During training, the Adaptive Moment Estimation (AdamW) optimizer is used for parameter updates, with the initial learning rate set to a fixed value and dynamically adjusted using a cosine annealing learning rate scheduling strategy. To mitigate overfitting and improve model generalization, a Dropout regularization mechanism and an early stopping mechanism (using validation loss as the metric, where training stops when the loss does not decrease for several consecutive epochs) are introduced. Simultaneously, Low-Rank Adaptation (LoRA) technology is employed to efficiently fine-tune the core RoBERTa architecture by training only low-rank matrix parameters, significantly reducing the number of training parameters and thereby enhancing training efficiency.
Experiments
This chapter conducts systematic experiments based on the Twitter Event Narrative Dataset (TEND) to verify the performance of the proposed ST-TAN model in the automatic analysis of social media narrative structures from multiple dimensions. Centered on the three core objectives of “core performance verification – module effectiveness verification – practical adaptability verification,” the experiment design sets three groups of comparative experiments in different directions, specifically including: overall performance comparison experiment, core module ablation experiment, and generalization and robustness verification experiment. Through the analysis and discussion of multi-dimensional experimental results, the advantages and applicable scenarios of the ST-TAN model are clarified.
Dataset introduction
The core dataset adopted in this experiment is the Twitter Event Narrative Dataset (TEND) [35], which is derived from the Twitter platform (now X platform) and focuses on social media narrative texts in public event scenarios, perfectly matching the task requirements of this research. The dataset comprises 120,000 text samples spanning 10 public events, including health incidents, natural disasters, social movements, and commercial crises. Text length averages 23.4 tokens per tweet, reflecting the fragmented nature of social media narratives.
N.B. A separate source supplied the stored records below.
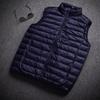 This sporty sleeveless down vest is designed for those who value lightweight comfort and style. Featuring a thin outer layer and filled with premium duck down, it offers excellent insulation without the bulk. The vest includes a convenient zipper closure and a stand neckline for added warmth and protection against the elements. Crafted from durable polyester material, it is perfect for layering over your favorite outfits during outdoor activities or casual outings.
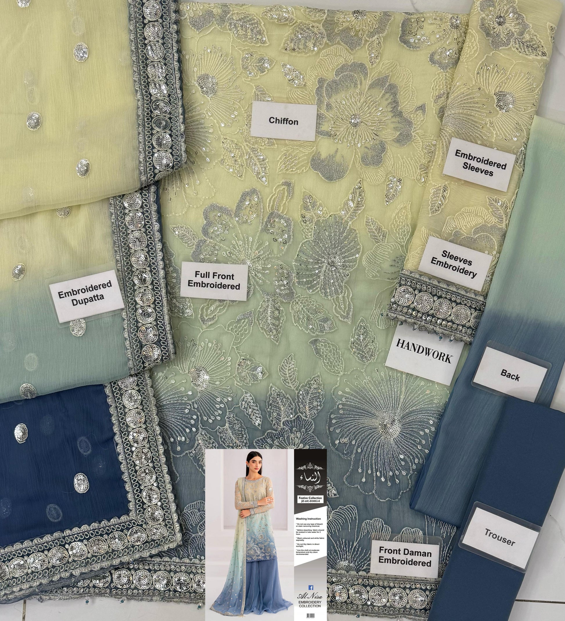 • Heavy Embroidered Sequence Work Chiffon Tye & Dye Front
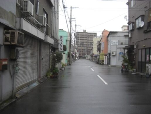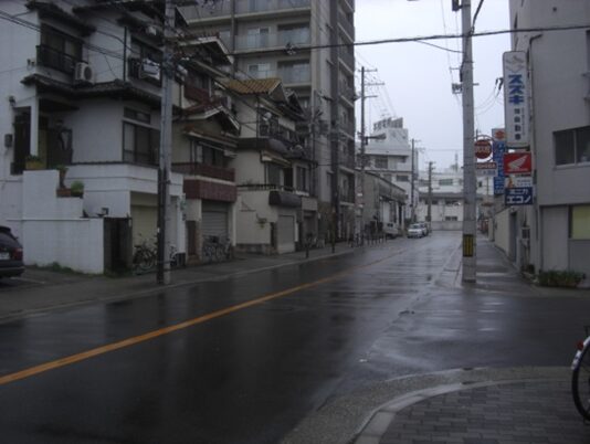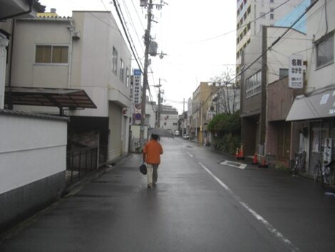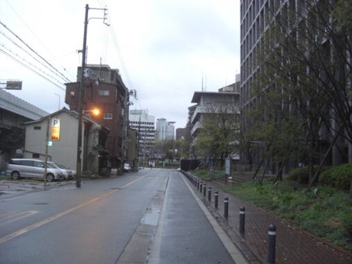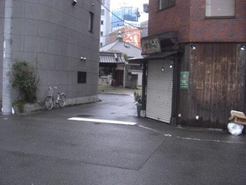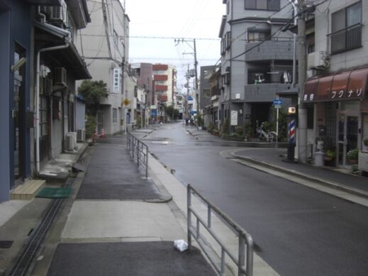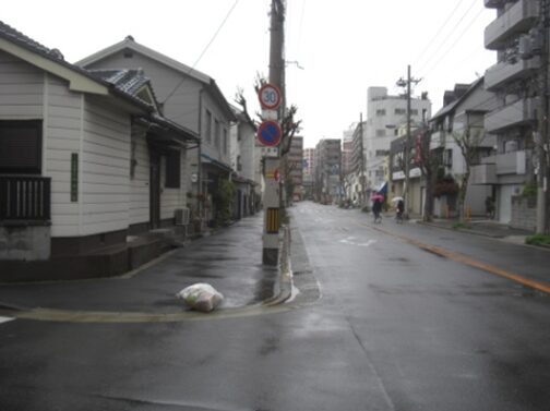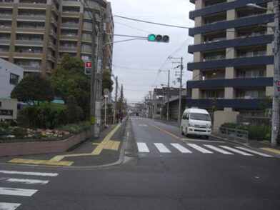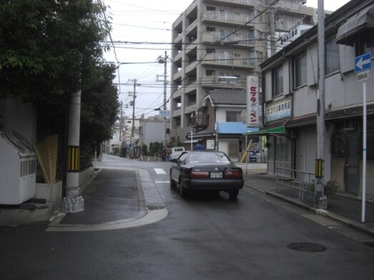 左に折れたところの道筋 この辺りは大淀南3丁目9
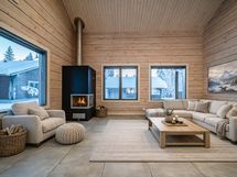 Tässä uudessa laadukkaassa ja tunnelmallisessa paritaloasunnossa yhdistyvät moderni asumismukavuus ja perinteinen hirsirakentaminen. Asuintilojen lämmin käyttöala 98m2. Tilava avokeittiö, olohuone Uuniseppien varaavalla takalla, makuuhuone, 2 makuutilaa, vaatehuone, kylpyhuone, sauna, kaksi WC:tä ja eteistilat tarjoavat toimivan ja viihtyisän kokonaisuuden. Takka luo lämpöä ja tunnelmaa, ja etäohjattava sähkölämmitys varmistavat asumismukavuuden kaikkina vuodenaikoina. Rakennettu laadukkain materiaalein esim Villeroy Boch iso lattialaatta, kylpyhuoneessa sormipaaneelia ja saunan lauteet puusepän paikalla tehdyt öljytyt haapalauteet. Tontin takapiha rajoittuu puistoon ja näkymät upeaan Kesängin tunturimaisemaan. Loma-asuntoon kuuluu autokatos, jossa voimapistorasia sähköauton latausta varten, sekä lämminvarasto 9 neliötä, jossa on kuivauskaappi – täydellinen ratkaisu ulkoilmaelämästä nauttivalle!
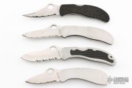4 Used vintage Spydercos. Have scuffs and scratches, have been used.

Three expert annotators labeled narrative elements (roles as central subjects, events as key occurrences), sentiment polarity (joy, anger, sadness, fear, neutral), and topic affiliation (event exposure, background introduction, opinion expression, responsibility investigation, solution proposal). Inter-annotator agreement reached Cohen’s kappa of 0.85 for narrative elements, 0.82 for sentiment, and 0.79 for topic, all exceeding the 0.75 threshold.
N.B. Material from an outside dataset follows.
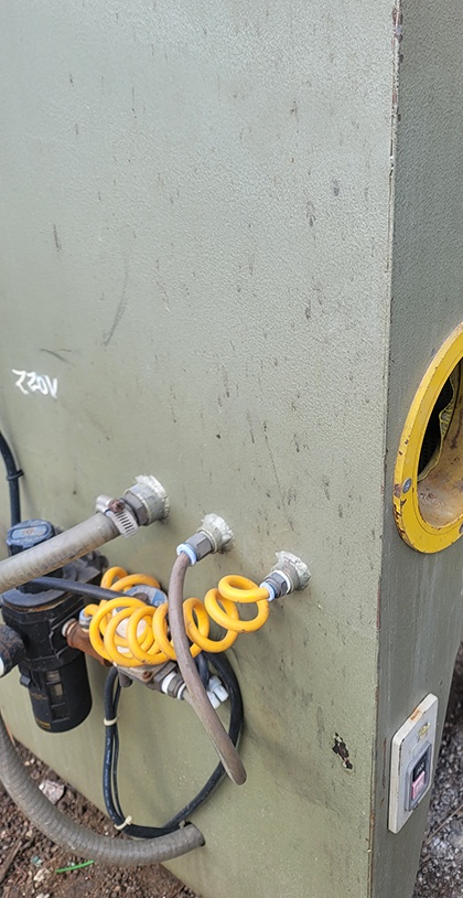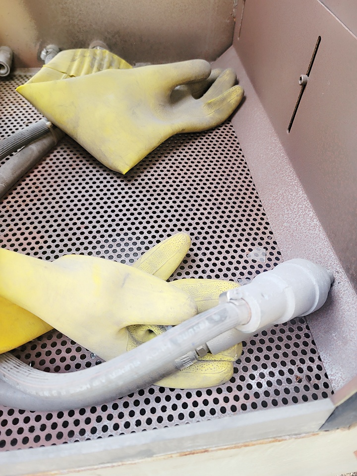 내부에 연결된 장갑과 에어건의 사진이며 하단에는 작업 후에 발생한 잔여물들이 밑으로 빠지도록 되어 있습니다
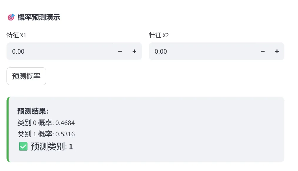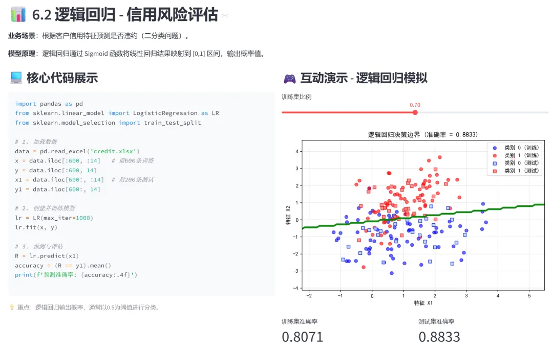 可视化决策边界,展示Sigmoid函数的概率输出。可调整训练集比例,对比训练/测试准确率。

The dataset exhibits class imbalance (sentiment: 42% neutral, 38% negative, 20% positive; topic: event exposure 35%, opinion expression 28%, others ≤15%), linguistic noise (18% spelling errors, 25% emoticons), domain-specific language varying by event type, and representational biases inherent to Twitter demographics. Temporal dynamics also vary considerably across events.
The ST-TAN model addresses these characteristics through: focal loss for imbalanced narrative classes; sentiment-weighted loss for underrepresented sentiment categories; preprocessing including spell correction and emoticon standardization; LoRA-based fine-tuning for domain adaptation without catastrophic forgetting; sinusoidal temporal encoding for variable event timelines; and cross-event validation to evaluate generalization beyond training distribution.
This research adopts the strategy of “event-based stratification + temporal division” for the TEND dataset to ensure the balanced event distribution of the training set, validation set, and test set and compliance with the narrative evolution logic: the training set includes 96,000 texts from 7 events (accounting for 80%), the validation set includes 12,000 texts from 1 event (accounting for 10%), and the test set includes 12,000 texts from 2 new events not involved in training (accounting for 10%). The test set selects new event data to more objectively verify the generalization ability of the model. Meanwhile, based on the input requirements of the ST-TAN model, targeted preprocessing is performed on the dataset: retain the original timestamp and retweet/reply relationships, and confirm the division of narrative units according to the two-dimensional criterion of “24-hour temporal interval + text semantic similarity ≥ 0.5”; standardize emotional emojis in the text; construct a “narrative tuple label library” (<role, event, sentiment tendency, topic attribution, temporal position>) based on the annotation information, which is directly used for model training and evaluation.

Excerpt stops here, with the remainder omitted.